Likelihood, score function and information matrix,
approximate ancillary statistics and sample space derivative
for the generalized Pareto distribution parametrized in terms of average maximum of N
exceedances.
The parameter N
corresponds to the number of threshold exceedances of interest over which the maxima is taken.
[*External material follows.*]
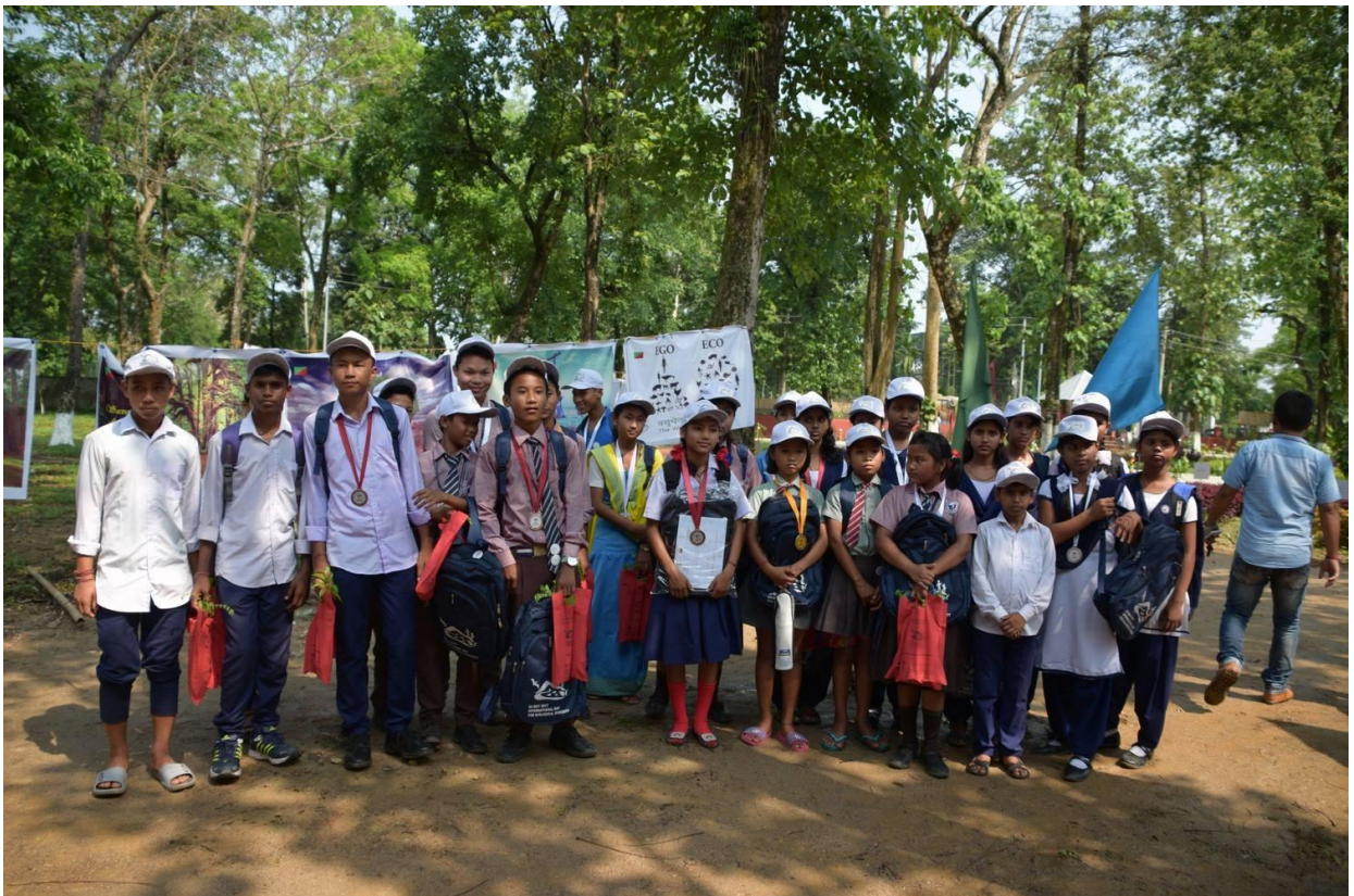
Winners of different competitions

Invitation, advertisement and celebration news on local media

\(z\) is the corresponding expected value of this block maxima.
Note that the actual parametrization is in terms of excess expected mean, meaning expected mean minus threshold.
vector of length 2 containing \(z\) and \(\xi\), respectively the mean excess of the maxima of N exceedances above the threshold and the shape parameter.
sample vector
block size for threshold exceedances.
numerical tolerance for the exponential model
vector calculated by gpdN.Vfun
gpdN.ll(par, dat, N, tol=1e-5)
gpdN.score(par, dat, N)
gpdN.infomat(par, dat, N, method = c('obs', 'exp'), nobs = length(dat))
gpdN.Vfun(par, dat, N)
gpdN.phi(par, dat, N, V)
gpdN.dphi(par, dat, N, V)
gpdN.ll
: log likelihood
gpdN.score
: score vector
gpdN.infomat
: observed information matrix for GP parametrized in terms of mean of the maximum of N
exceedances and shape
gpdN.Vfun
: vector implementing conditioning on approximate ancillary statistics for the TEM
gpdN.phi
: canonical parameter in the local exponential family approximation
gpdN.dphi
: derivative matrix of the canonical parameter in the local exponential family approximation
Leo Belzile
The observed information matrix was calculated from the Hessian using symbolic calculus in Sage.